▶ Work instruction
Using the records below, copy exactly the part that opens with the line holding "3月17日兒科二病區(qū)" and closes with the line holding "The block is", minus the pictures.

▶ Records provided
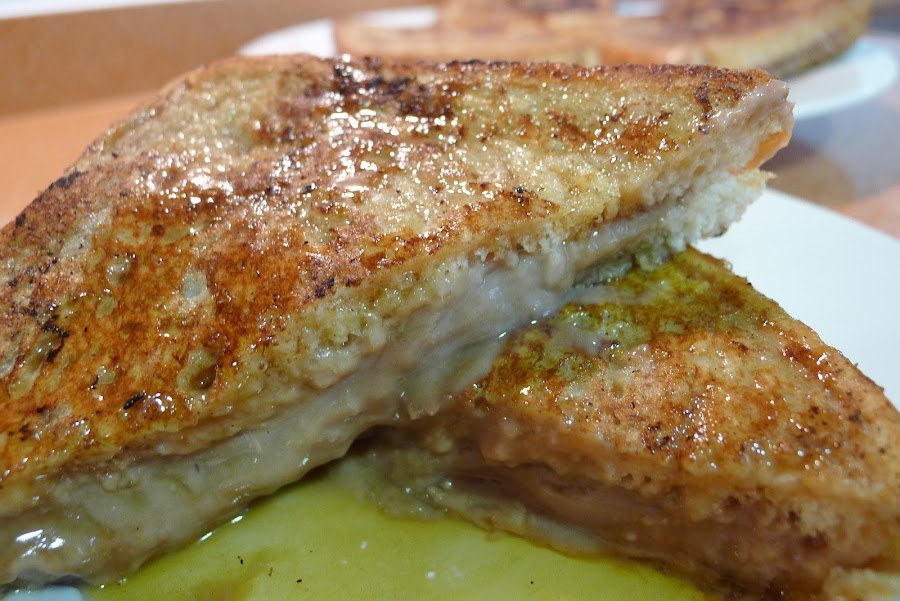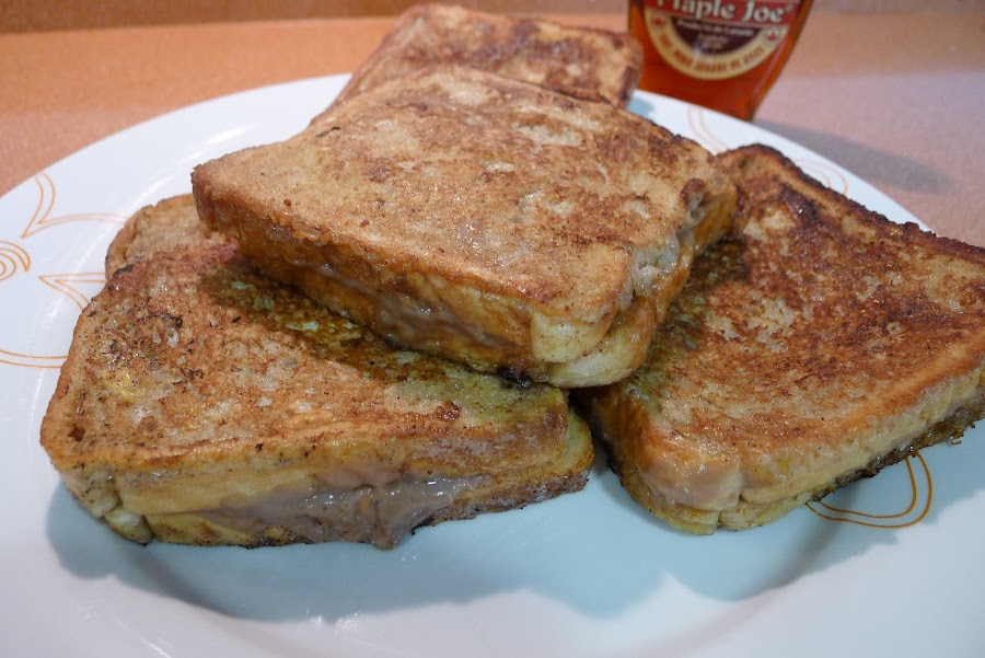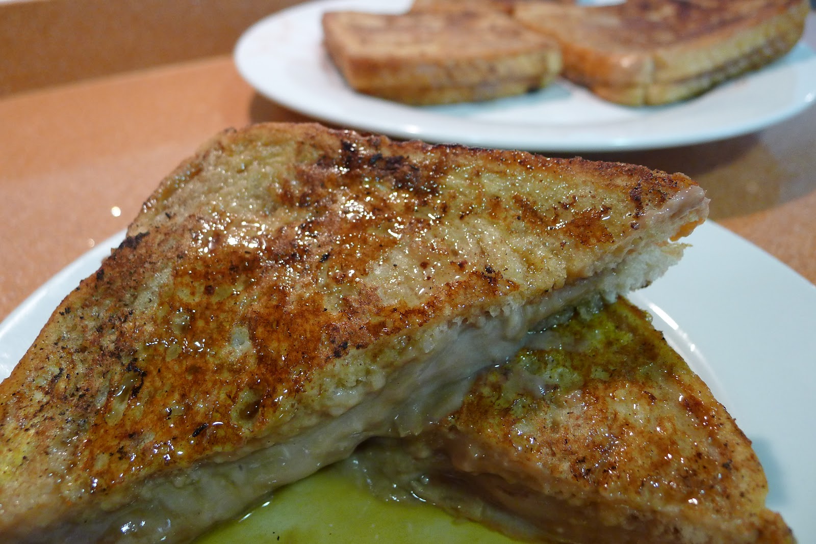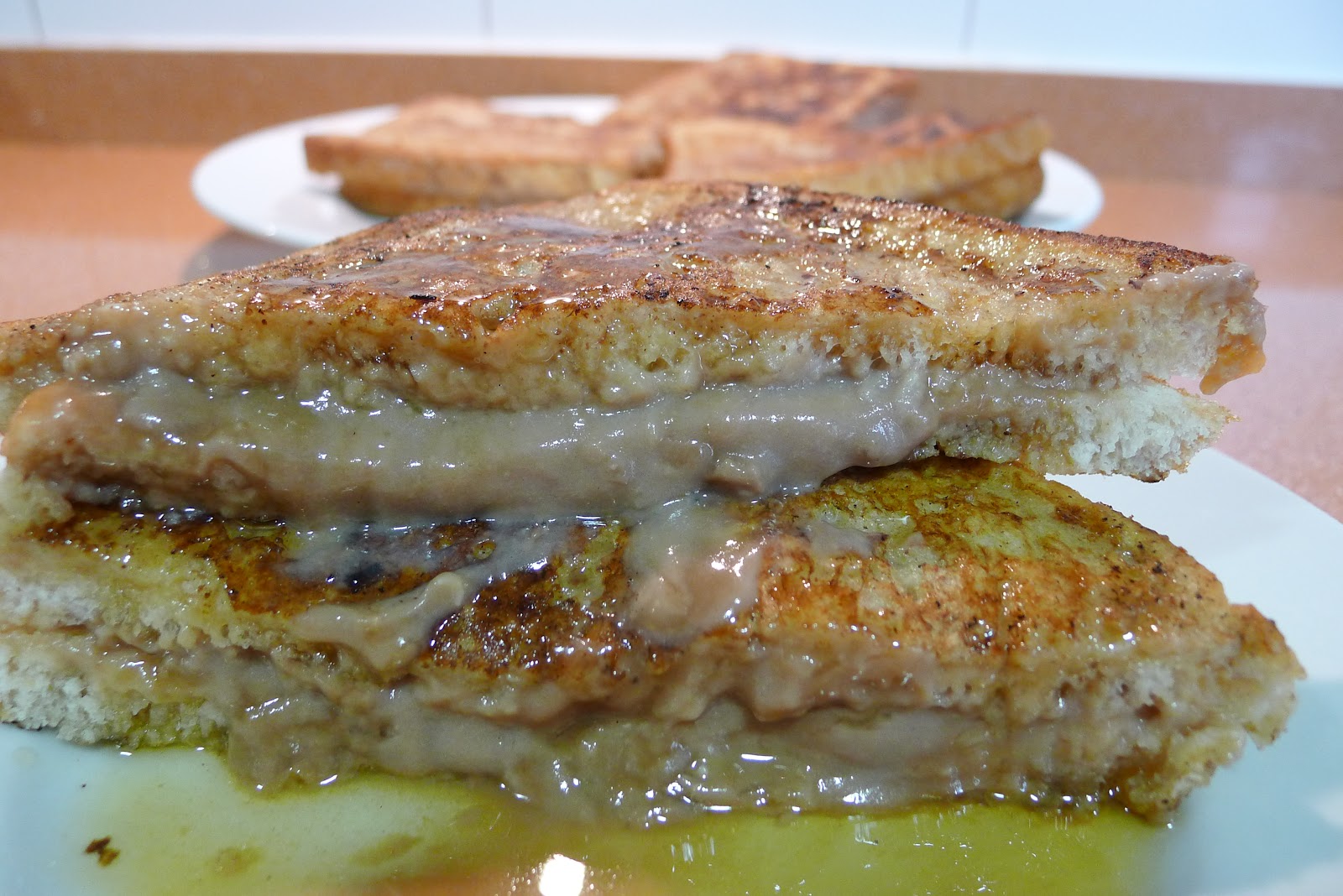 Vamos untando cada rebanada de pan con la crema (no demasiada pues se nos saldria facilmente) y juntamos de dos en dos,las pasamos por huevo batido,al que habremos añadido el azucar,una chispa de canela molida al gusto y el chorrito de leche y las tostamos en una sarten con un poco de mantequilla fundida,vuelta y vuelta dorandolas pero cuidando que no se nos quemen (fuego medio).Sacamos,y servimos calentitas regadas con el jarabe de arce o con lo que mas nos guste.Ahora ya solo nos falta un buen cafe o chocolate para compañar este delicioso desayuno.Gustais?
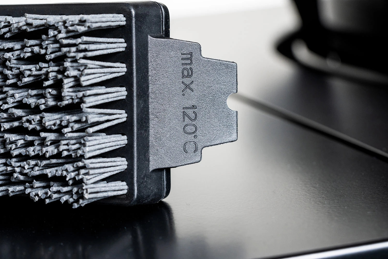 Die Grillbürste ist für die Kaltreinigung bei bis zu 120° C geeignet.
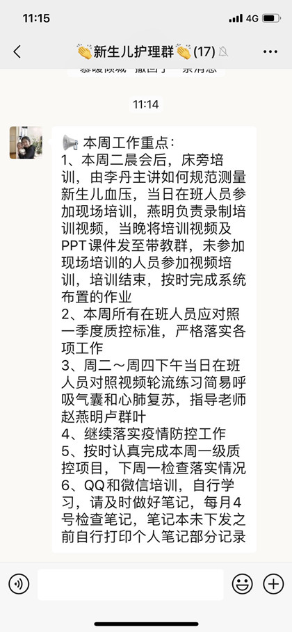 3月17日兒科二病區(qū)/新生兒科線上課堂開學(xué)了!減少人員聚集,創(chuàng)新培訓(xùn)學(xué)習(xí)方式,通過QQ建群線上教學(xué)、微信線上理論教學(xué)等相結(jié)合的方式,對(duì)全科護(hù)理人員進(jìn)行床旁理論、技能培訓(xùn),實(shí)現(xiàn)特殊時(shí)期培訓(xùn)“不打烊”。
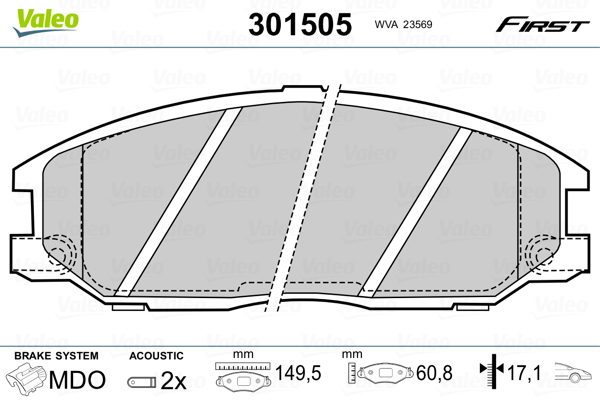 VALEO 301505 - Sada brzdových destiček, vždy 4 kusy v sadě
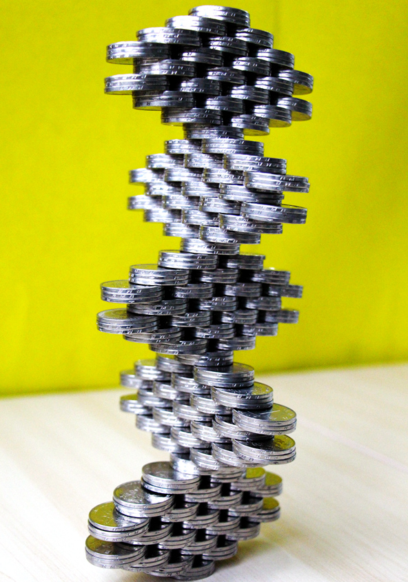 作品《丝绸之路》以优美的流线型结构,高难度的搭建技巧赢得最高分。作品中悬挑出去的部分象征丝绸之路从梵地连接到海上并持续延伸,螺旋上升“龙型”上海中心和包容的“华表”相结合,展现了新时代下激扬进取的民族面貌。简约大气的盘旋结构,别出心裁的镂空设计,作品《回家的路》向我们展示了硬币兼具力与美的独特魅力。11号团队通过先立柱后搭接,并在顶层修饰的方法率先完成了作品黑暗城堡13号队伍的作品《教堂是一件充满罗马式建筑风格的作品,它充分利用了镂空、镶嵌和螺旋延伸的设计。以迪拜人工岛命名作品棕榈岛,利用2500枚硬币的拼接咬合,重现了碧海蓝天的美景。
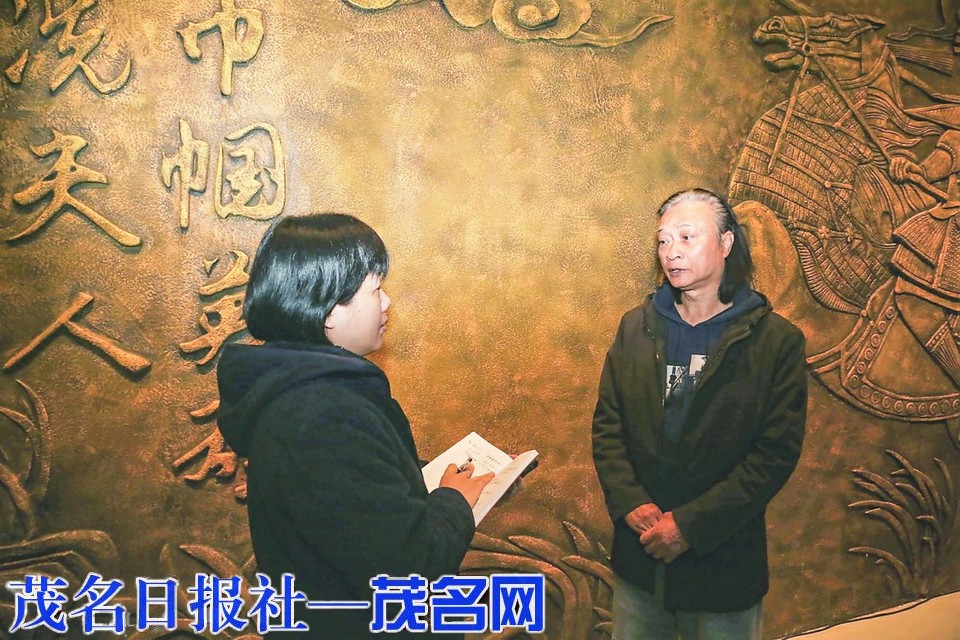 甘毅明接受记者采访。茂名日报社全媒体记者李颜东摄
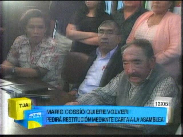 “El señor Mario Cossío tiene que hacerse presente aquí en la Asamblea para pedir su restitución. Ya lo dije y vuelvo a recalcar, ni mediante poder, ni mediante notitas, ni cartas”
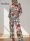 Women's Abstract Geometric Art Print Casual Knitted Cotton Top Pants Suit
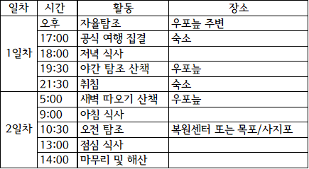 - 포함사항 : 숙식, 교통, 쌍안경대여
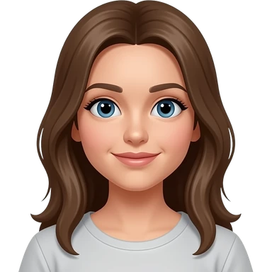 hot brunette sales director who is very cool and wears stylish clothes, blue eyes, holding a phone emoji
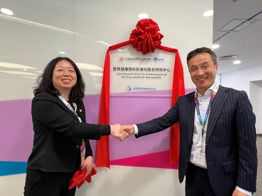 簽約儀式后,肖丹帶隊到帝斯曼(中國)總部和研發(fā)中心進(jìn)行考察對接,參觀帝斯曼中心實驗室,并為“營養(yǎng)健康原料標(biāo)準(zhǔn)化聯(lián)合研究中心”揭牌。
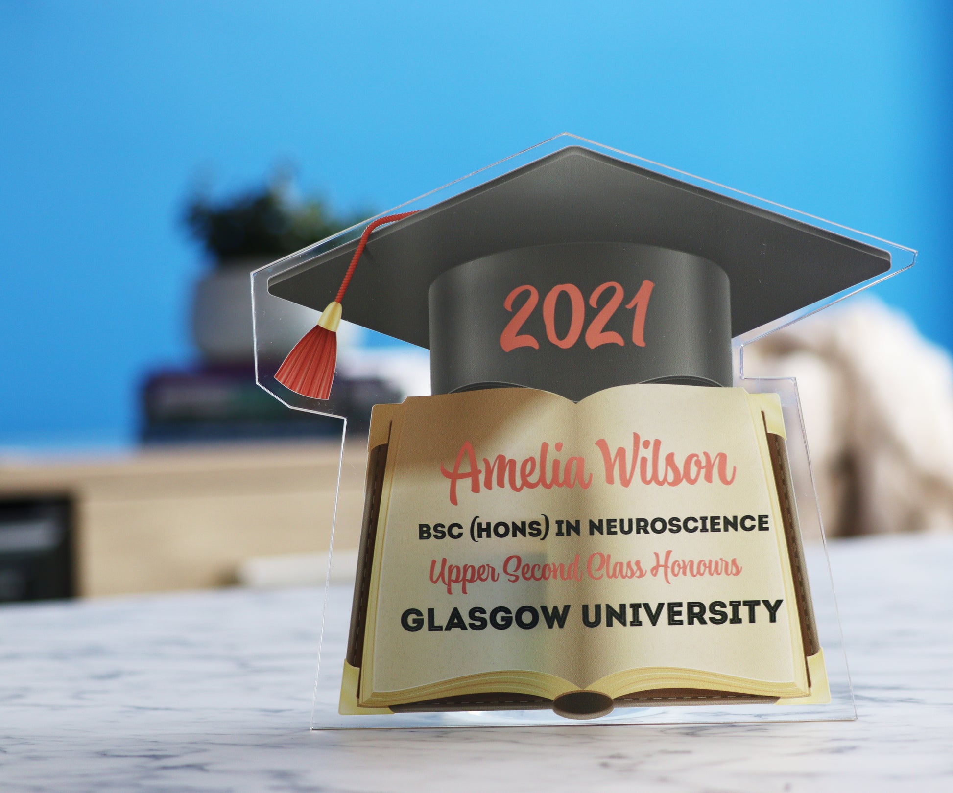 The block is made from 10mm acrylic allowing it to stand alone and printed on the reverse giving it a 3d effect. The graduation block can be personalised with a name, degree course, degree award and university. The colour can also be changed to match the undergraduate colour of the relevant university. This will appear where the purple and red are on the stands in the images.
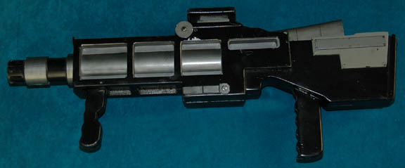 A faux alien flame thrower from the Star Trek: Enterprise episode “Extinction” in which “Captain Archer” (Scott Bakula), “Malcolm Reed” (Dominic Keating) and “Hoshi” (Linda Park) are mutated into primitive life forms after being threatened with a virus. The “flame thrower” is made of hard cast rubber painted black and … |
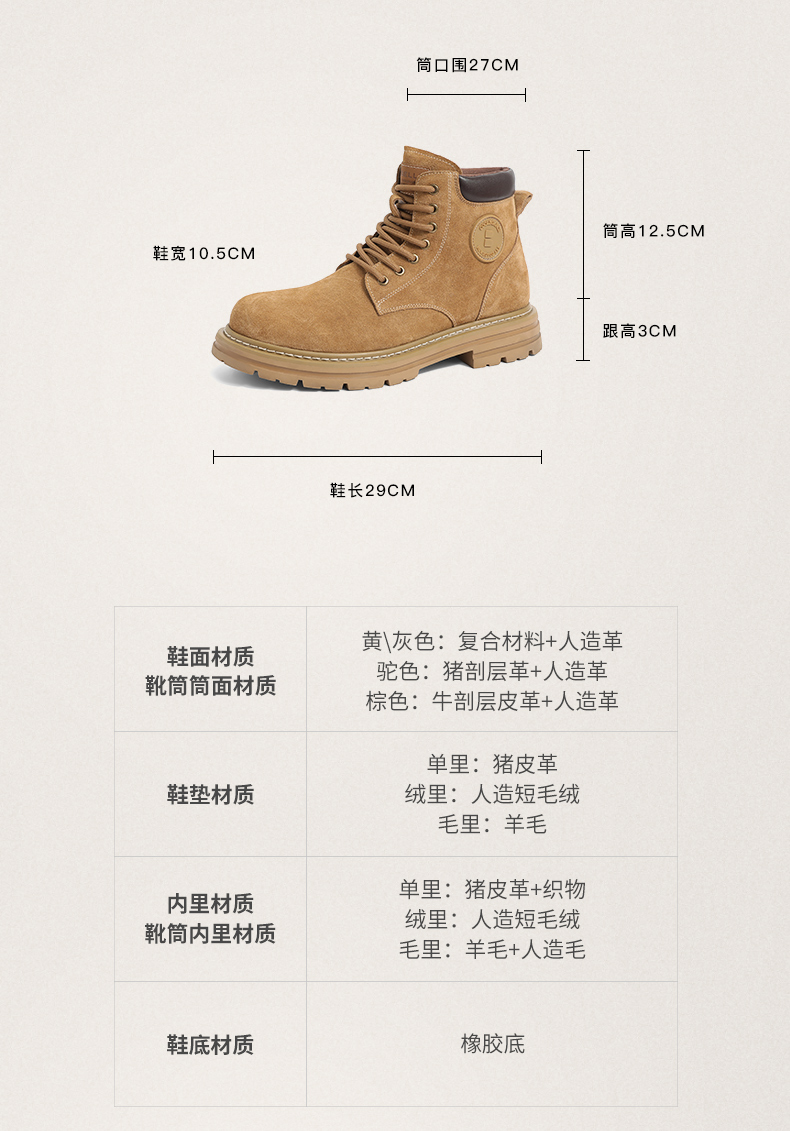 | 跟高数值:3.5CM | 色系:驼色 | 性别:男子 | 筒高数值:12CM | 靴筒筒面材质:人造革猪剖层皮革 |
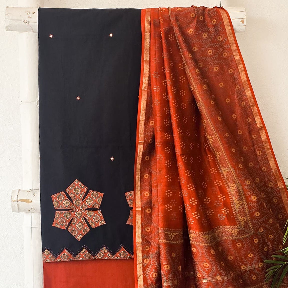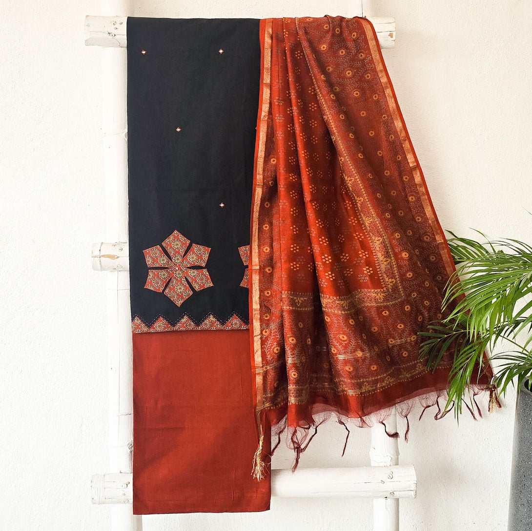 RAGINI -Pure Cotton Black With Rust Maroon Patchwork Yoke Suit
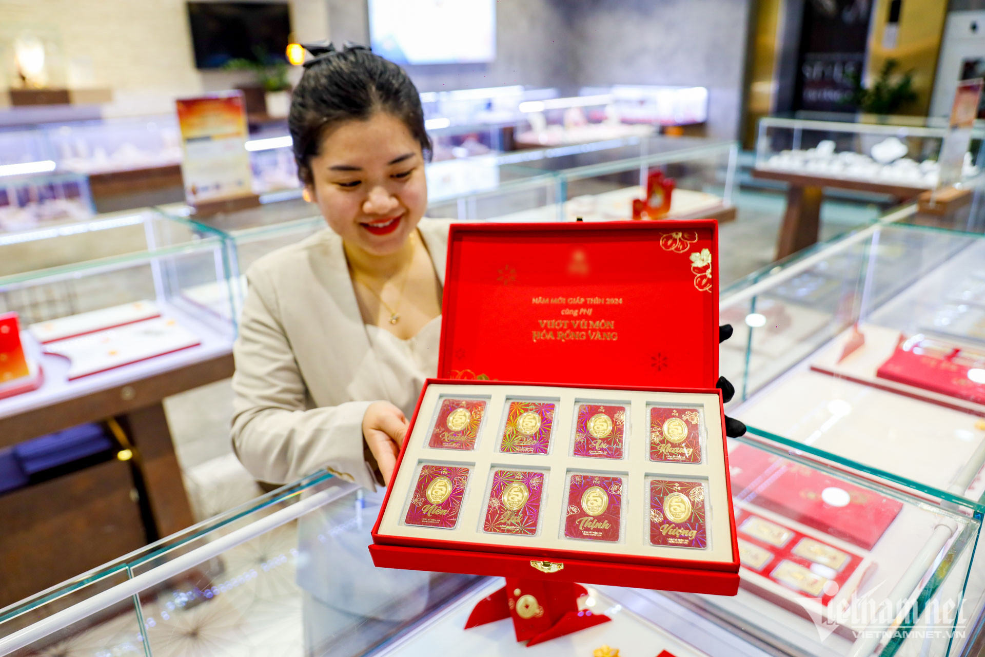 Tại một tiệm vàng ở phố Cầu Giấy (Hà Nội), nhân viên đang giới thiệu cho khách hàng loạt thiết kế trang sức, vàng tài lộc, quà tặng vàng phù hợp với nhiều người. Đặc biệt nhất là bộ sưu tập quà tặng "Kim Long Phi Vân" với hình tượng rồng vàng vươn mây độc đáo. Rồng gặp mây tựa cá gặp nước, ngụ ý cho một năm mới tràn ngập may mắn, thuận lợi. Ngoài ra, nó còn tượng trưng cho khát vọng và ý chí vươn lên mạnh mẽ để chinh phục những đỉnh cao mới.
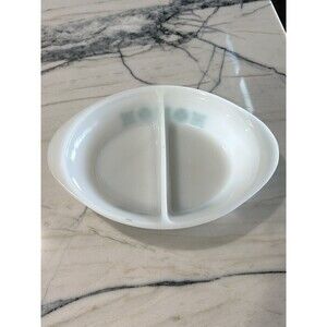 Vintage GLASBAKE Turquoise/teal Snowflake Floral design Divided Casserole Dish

▶ Written response
 3月17日兒科二病區(qū)/新生兒科線上課堂開學(xué)了!減少人員聚集,創(chuàng)新培訓(xùn)學(xué)習(xí)方式,通過QQ建群線上教學(xué)、微信線上理論教學(xué)等相結(jié)合的方式,對(duì)全科護(hù)理人員進(jìn)行床旁理論、技能培訓(xùn),實(shí)現(xiàn)特殊時(shí)期培訓(xùn)“不打烊”。
 VALEO 301505 - Sada brzdových destiček, vždy 4 kusy v sadě
 作品《丝绸之路》以优美的流线型结构,高难度的搭建技巧赢得最高分。作品中悬挑出去的部分象征丝绸之路从梵地连接到海上并持续延伸,螺旋上升“龙型”上海中心和包容的“华表”相结合,展现了新时代下激扬进取的民族面貌。简约大气的盘旋结构,别出心裁的镂空设计,作品《回家的路》向我们展示了硬币兼具力与美的独特魅力。11号团队通过先立柱后搭接,并在顶层修饰的方法率先完成了作品黑暗城堡13号队伍的作品《教堂是一件充满罗马式建筑风格的作品,它充分利用了镂空、镶嵌和螺旋延伸的设计。以迪拜人工岛命名作品棕榈岛,利用2500枚硬币的拼接咬合,重现了碧海蓝天的美景。
 甘毅明接受记者采访。茂名日报社全媒体记者李颜东摄
 “El señor Mario Cossío tiene que hacerse presente aquí en la Asamblea para pedir su restitución. Ya lo dije y vuelvo a recalcar, ni mediante poder, ni mediante notitas, ni cartas”
 Women's Abstract Geometric Art Print Casual Knitted Cotton Top Pants Suit
 - 포함사항 : 숙식, 교통, 쌍안경대여
 hot brunette sales director who is very cool and wears stylish clothes, blue eyes, holding a phone emoji
 簽約儀式后,肖丹帶隊到帝斯曼(中國)總部和研發(fā)中心進(jìn)行考察對接,參觀帝斯曼中心實驗室,并為“營養(yǎng)健康原料標(biāo)準(zhǔn)化聯(lián)合研究中心”揭牌。
 The block is made from 10mm acrylic allowing it to stand alone and printed on the reverse giving it a 3d effect. The graduation block can be personalised with a name, degree course, degree award and university. The colour can also be changed to match the undergraduate colour of the relevant university. This will appear where the purple and red are on the stands in the images.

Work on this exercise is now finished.